The process is fairly simple, you make a mould of your object by pressing it between two canisters of compacted sand. You powder it, to stop it sticking I guess. Then you create passages for air to escape so the metal can more easily run. You carve a funnel to pour the metal into. And then you take it to the crucible.
You heat the silver in the crucible (I think that’s what it’s called) until it starts to glow green and become molten like mercury. Then, with the flame still on it so it doesn’t cool, you lift it to the cast (again, not sure of the terminology) and pour quickly. If you don’t keep heating or you pour too slowly then the metal will not run all the way down your cast. This happened to me once.
It all happens very quickly – and then you take it outside (it’s safe to touch the mould soon after pouring) to open up so as not to inhale any silver fumes. And then you’ve got a match that looks like a tree trunk with branches coming off it (the air holes fill up.

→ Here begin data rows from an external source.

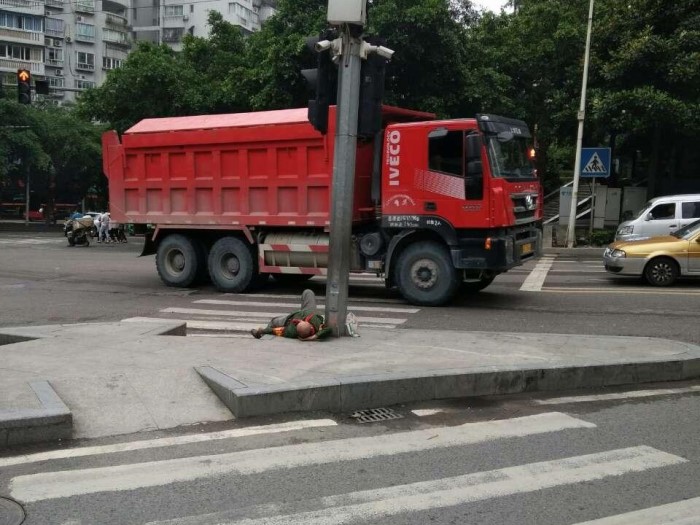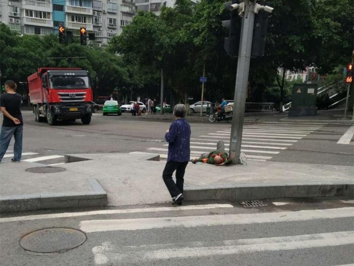 发布时间:2018-05-27 15:25:522018年5月26日,重庆涪陵有市民在大塘路口红绿灯处,看见一名男子躺在电杆旁。
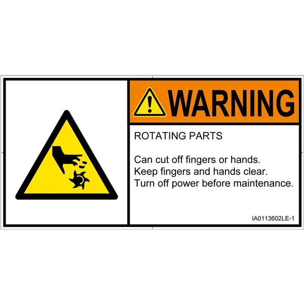 | フォーマット準拠規格 | ISO 3864-2:2016、ISO 3864-1:2011 | 危険の種類 | 機械的な危険 切断(回転部) |
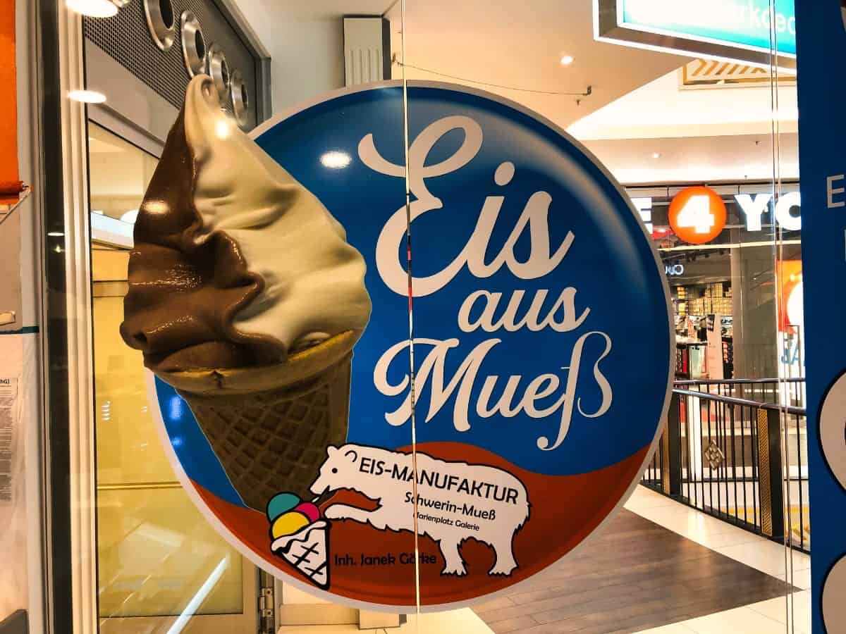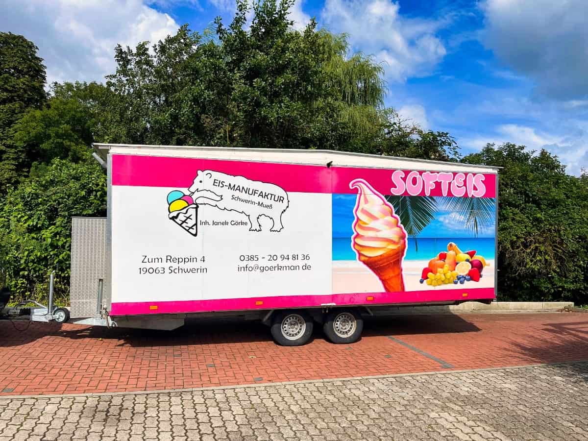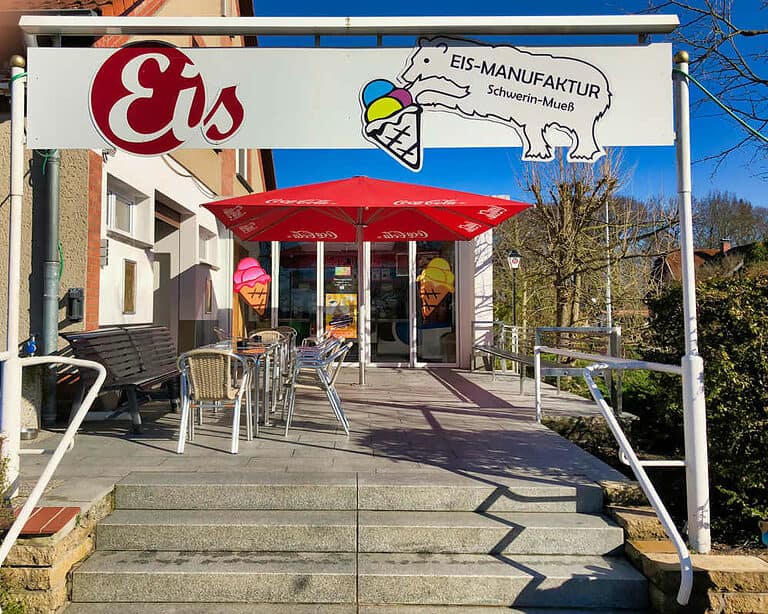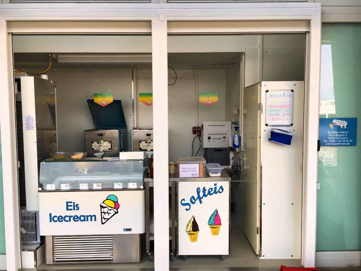 Softeis gibt es nun in direkter Nachbarschaft zum Fahrkartenverkauf der WEISSEN FLOTTE Schwerin. Von Ostern bis zum 3. Oktober gab es täglich von 11-18 Uhr Softeis und Kugeleis „Made in Mueß“.
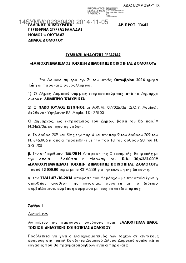 5. EΛΑΙΟΧΡΩΜΑΤΙΣΜΟΣ ΤΟΙΧΙΩΝ ΔΗΜΟΤΙΚΗΣ ΚΟΙΝΟΤΗΤΑΣ ΔΟΜΟΚΟΥ
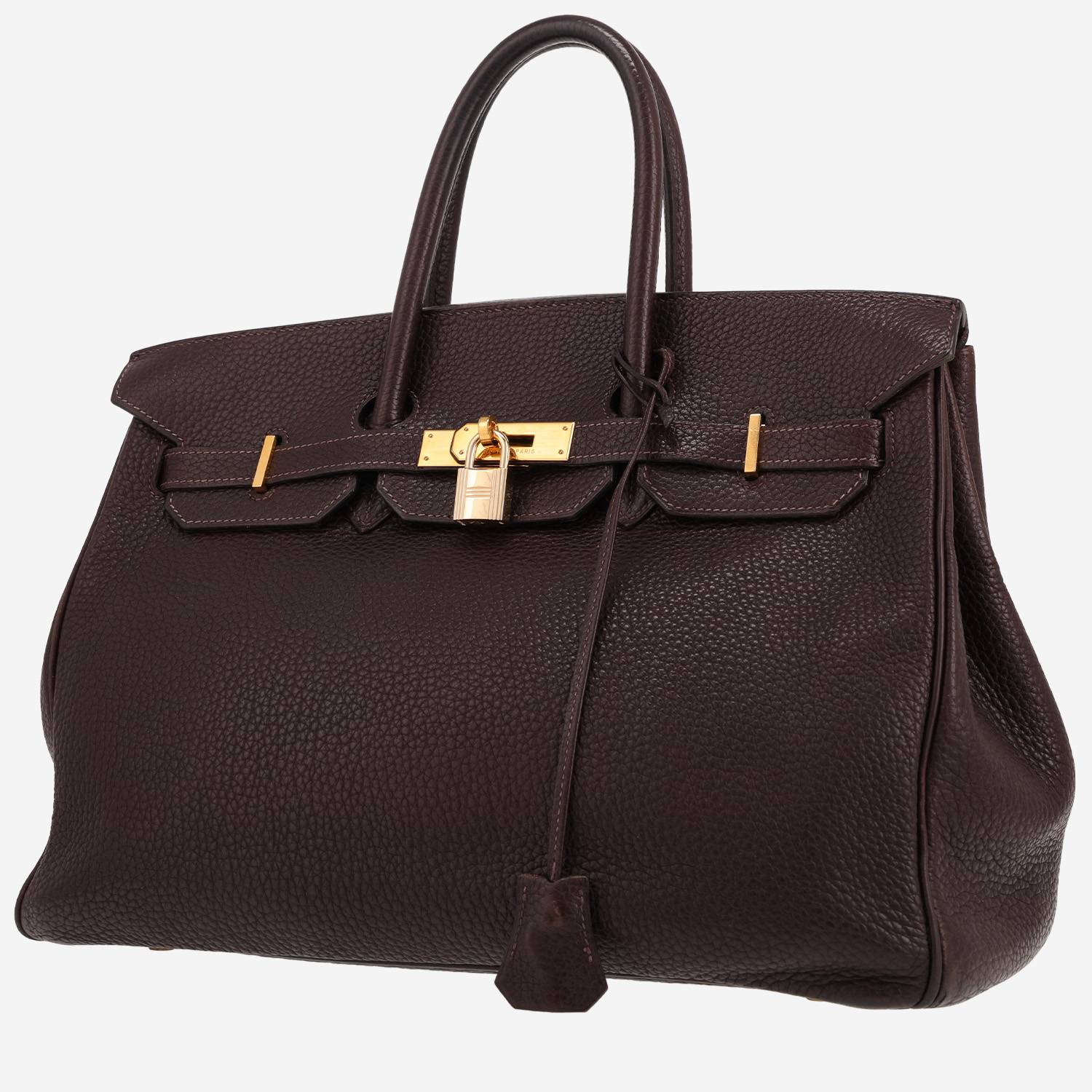 Chic sac à main Hermès Birkin 35 cm en cuir togo marron, garniture en métal doré, double poignée en cuir marron permettant un porté main.

You take a bone saw, the same as they use for cutting up bodies, and cut the base off. Then with snipers you take the branches off. Use the saw again to cut off the bit that’s seeped between the sand. I wonder if I didn’t tamp the sand down enough (for which you use the handle of a ring something or other. Then it’s working with a file (away from you). Then polish it with the electric thingy.

In the Gold Coop I finished it with a different method – using sand paper.






Anyway, less detail. In Fritz’s place there are matches too – made by a Finnish girl.